PROVIDED INFORMATION >>
::::::::::
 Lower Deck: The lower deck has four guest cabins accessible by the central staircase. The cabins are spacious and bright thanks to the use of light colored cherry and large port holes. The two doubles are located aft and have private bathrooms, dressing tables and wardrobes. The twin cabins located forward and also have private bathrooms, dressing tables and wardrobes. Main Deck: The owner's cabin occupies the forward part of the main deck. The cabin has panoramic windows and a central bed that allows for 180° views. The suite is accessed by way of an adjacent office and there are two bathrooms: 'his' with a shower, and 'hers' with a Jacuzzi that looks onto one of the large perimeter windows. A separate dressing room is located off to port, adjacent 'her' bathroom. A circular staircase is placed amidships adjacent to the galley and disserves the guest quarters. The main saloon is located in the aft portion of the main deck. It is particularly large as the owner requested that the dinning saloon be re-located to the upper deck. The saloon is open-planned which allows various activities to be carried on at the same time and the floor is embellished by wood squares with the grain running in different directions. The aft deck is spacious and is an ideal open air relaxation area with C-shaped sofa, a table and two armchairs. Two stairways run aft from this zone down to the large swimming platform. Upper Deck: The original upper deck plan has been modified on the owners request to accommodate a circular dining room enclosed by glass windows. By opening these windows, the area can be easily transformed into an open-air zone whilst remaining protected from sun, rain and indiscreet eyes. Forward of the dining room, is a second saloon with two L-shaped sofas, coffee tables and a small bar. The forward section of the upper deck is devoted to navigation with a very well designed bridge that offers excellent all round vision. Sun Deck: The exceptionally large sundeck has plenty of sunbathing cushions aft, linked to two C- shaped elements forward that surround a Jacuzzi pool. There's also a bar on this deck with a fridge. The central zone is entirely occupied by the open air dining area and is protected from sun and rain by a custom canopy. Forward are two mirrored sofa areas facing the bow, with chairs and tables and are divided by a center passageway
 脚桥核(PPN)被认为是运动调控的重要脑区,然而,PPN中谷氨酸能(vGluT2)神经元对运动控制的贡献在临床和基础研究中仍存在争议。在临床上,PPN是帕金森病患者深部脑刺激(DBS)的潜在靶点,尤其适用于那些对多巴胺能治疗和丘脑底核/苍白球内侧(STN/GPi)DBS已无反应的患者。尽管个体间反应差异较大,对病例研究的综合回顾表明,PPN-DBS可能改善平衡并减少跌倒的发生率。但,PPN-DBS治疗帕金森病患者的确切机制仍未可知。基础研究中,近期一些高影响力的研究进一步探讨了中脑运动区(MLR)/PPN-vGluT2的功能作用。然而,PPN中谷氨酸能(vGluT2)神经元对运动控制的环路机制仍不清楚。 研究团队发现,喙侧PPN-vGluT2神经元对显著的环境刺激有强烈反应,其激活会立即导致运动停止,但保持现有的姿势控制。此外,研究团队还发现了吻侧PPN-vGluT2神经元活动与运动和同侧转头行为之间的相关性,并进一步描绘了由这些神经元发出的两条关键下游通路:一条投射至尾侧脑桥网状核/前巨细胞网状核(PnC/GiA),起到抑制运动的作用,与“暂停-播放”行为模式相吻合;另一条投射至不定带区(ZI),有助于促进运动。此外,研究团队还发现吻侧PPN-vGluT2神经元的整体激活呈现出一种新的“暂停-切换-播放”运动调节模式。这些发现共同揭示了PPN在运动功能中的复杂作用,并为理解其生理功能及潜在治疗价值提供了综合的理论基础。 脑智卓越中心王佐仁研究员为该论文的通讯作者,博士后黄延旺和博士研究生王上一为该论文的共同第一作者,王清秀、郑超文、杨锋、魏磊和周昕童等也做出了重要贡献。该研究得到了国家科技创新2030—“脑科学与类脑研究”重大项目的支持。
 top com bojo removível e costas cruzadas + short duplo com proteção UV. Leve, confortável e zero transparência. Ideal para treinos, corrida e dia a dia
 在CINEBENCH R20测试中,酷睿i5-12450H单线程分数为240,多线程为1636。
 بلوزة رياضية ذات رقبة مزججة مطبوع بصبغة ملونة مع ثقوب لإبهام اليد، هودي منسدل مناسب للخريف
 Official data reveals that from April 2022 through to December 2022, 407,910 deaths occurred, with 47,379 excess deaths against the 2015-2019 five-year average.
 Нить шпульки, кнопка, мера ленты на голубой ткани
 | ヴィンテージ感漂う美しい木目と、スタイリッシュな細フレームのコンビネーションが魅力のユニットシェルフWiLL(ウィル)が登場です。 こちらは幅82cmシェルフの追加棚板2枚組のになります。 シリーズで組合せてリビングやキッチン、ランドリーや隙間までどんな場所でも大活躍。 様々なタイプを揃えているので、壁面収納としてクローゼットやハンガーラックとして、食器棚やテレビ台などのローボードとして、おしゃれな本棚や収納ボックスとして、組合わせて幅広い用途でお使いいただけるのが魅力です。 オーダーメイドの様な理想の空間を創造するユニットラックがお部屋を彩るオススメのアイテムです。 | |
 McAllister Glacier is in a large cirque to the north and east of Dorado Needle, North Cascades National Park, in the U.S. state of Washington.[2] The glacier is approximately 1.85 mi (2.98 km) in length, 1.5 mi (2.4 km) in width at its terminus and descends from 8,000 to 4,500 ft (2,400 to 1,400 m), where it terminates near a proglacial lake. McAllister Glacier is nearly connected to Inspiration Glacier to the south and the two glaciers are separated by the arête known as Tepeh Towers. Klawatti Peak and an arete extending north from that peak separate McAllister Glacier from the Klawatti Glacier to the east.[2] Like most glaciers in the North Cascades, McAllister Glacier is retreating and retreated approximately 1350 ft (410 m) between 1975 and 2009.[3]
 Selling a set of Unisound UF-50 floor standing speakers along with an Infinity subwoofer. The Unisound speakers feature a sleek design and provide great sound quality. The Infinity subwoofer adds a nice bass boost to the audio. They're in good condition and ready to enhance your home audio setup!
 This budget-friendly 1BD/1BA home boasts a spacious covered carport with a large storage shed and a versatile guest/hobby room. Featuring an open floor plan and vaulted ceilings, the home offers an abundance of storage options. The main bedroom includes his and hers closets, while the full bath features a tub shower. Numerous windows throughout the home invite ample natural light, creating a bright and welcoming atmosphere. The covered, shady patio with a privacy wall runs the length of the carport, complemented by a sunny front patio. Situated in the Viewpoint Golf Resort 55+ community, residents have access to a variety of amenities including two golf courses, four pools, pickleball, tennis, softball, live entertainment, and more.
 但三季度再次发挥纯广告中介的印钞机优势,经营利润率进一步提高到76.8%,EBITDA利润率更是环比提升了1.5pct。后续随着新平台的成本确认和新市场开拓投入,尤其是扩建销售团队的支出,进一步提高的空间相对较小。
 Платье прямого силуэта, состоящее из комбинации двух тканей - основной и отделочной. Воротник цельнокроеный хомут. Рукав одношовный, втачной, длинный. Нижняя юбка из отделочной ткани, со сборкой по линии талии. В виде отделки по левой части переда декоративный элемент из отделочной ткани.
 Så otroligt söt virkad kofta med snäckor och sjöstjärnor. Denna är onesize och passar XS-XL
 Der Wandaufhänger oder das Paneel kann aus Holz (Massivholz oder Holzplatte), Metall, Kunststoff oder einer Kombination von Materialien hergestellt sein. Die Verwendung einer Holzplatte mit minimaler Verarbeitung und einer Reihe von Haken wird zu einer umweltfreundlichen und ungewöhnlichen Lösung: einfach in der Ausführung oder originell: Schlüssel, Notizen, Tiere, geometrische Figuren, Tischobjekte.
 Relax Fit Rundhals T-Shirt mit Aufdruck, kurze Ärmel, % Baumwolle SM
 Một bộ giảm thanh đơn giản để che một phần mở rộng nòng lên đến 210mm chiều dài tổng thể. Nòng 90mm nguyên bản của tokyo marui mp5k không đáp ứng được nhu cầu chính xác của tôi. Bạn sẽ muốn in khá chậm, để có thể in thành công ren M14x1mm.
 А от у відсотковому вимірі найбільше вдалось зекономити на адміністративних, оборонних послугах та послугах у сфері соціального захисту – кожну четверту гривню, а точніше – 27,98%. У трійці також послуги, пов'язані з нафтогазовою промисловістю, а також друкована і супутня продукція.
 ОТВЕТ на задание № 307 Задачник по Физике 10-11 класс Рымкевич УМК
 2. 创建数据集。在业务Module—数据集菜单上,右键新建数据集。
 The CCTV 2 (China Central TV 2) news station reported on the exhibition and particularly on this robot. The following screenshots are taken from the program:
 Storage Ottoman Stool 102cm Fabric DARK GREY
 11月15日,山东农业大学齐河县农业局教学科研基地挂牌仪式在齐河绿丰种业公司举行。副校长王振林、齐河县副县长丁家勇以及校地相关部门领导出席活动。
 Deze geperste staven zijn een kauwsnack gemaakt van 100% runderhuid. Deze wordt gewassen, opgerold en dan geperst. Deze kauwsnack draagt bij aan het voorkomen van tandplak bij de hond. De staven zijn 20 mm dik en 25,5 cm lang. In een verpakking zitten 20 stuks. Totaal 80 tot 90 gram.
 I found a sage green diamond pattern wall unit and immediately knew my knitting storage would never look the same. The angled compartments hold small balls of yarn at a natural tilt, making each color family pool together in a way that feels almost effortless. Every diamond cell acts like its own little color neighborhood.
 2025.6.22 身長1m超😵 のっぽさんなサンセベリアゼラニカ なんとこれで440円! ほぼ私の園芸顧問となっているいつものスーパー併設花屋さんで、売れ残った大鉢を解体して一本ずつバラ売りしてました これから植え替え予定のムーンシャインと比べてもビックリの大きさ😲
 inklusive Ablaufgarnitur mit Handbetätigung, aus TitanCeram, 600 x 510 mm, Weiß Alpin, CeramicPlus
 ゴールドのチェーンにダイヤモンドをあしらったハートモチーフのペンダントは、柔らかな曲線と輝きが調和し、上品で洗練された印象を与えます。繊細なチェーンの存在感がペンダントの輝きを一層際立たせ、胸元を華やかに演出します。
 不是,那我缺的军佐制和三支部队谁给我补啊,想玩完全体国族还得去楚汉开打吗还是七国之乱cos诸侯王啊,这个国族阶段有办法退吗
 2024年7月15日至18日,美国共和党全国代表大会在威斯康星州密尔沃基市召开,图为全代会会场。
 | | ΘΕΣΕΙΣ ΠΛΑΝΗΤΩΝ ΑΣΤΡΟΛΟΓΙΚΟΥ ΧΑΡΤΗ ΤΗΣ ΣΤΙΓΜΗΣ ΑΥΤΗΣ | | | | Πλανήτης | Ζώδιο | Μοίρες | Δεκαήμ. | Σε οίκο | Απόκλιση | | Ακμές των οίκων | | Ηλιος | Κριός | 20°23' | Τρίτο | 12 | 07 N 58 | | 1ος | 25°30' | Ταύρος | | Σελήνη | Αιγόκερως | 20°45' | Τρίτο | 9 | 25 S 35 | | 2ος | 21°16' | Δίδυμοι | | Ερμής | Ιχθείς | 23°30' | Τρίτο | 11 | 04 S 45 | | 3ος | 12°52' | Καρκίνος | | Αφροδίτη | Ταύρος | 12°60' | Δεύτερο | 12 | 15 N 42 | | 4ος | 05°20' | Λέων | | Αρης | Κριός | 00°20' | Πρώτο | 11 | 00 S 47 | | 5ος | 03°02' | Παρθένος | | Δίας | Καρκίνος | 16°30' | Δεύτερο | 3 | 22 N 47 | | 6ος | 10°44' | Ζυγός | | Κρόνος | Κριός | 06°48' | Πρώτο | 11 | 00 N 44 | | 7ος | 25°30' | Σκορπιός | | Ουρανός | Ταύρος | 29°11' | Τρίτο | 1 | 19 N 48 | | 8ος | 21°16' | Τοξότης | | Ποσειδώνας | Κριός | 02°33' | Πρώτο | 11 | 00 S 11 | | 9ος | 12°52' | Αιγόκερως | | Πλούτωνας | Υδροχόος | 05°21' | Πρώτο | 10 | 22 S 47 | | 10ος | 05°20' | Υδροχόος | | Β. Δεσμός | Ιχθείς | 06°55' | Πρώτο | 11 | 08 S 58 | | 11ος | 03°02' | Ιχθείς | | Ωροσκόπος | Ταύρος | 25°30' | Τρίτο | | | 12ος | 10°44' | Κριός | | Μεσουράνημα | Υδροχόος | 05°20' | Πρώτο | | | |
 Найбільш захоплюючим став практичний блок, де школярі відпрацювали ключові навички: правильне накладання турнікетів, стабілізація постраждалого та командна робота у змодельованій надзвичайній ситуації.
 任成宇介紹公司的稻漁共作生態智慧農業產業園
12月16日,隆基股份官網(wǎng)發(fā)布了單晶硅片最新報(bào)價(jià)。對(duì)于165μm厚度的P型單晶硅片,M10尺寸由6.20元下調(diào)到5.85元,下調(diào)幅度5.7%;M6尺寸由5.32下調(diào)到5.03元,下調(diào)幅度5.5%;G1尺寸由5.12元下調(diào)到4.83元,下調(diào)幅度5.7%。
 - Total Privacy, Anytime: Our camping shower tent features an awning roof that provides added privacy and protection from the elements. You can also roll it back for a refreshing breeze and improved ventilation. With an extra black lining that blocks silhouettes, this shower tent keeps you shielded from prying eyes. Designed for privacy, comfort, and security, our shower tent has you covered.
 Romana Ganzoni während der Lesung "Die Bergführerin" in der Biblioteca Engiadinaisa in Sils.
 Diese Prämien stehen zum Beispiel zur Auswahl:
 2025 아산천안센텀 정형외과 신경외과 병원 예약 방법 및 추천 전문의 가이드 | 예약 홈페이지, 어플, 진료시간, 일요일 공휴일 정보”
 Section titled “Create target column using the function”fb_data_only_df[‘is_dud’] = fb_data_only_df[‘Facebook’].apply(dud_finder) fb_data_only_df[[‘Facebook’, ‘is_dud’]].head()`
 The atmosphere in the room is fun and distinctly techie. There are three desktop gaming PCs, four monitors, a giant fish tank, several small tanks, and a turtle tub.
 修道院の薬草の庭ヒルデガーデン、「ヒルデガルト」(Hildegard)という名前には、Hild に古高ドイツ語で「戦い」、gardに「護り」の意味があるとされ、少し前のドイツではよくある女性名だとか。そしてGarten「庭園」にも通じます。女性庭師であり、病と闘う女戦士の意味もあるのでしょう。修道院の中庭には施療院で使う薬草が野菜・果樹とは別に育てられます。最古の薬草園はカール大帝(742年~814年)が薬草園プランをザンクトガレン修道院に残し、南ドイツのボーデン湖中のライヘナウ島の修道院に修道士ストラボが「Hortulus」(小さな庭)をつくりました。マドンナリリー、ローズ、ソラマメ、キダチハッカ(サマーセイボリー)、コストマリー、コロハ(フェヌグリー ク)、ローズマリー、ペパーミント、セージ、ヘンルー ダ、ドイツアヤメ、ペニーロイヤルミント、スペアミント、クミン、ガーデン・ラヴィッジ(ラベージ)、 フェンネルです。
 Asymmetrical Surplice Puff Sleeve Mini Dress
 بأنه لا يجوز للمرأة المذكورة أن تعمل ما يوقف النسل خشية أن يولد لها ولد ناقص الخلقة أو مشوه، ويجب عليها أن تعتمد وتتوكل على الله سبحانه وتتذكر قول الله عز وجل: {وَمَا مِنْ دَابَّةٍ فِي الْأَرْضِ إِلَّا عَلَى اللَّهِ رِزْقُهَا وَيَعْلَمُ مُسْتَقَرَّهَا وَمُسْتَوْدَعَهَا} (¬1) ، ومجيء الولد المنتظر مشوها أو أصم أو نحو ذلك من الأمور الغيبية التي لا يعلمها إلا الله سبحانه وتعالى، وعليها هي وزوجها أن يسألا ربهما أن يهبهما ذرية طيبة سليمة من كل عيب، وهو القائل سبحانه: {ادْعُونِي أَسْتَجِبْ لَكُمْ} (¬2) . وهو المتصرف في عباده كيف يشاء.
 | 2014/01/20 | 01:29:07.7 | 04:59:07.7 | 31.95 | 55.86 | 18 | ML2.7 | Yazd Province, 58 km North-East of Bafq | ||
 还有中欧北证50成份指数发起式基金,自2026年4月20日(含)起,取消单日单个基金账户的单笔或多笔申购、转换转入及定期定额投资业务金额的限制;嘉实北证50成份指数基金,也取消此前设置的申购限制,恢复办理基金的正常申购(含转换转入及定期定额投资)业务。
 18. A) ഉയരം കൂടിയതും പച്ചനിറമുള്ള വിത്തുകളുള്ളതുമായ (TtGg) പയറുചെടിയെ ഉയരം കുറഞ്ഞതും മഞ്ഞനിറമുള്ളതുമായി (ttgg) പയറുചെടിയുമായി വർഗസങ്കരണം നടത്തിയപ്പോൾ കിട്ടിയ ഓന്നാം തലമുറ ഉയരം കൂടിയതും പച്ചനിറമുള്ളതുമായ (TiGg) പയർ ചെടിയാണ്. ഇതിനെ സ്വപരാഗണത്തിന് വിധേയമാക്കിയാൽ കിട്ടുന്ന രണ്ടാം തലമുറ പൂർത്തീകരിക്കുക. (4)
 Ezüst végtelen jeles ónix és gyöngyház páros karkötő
::::::::::
From the listing above, copy every line that holds the string "wall".

 This budget-friendly 1BD/1BA home boasts a spacious covered carport with a large storage shed and a versatile guest/hobby room. Featuring an open floor plan and vaulted ceilings, the home offers an abundance of storage options. The main bedroom includes his and hers closets, while the full bath features a tub shower. Numerous windows throughout the home invite ample natural light, creating a bright and welcoming atmosphere. The covered, shady patio with a privacy wall runs the length of the carport, complemented by a sunny front patio. Situated in the Viewpoint Golf Resort 55+ community, residents have access to a variety of amenities including two golf courses, four pools, pickleball, tennis, softball, live entertainment, and more.
 I found a sage green diamond pattern wall unit and immediately knew my knitting storage would never look the same. The angled compartments hold small balls of yarn at a natural tilt, making each color family pool together in a way that feels almost effortless. Every diamond cell acts like its own little color neighborhood.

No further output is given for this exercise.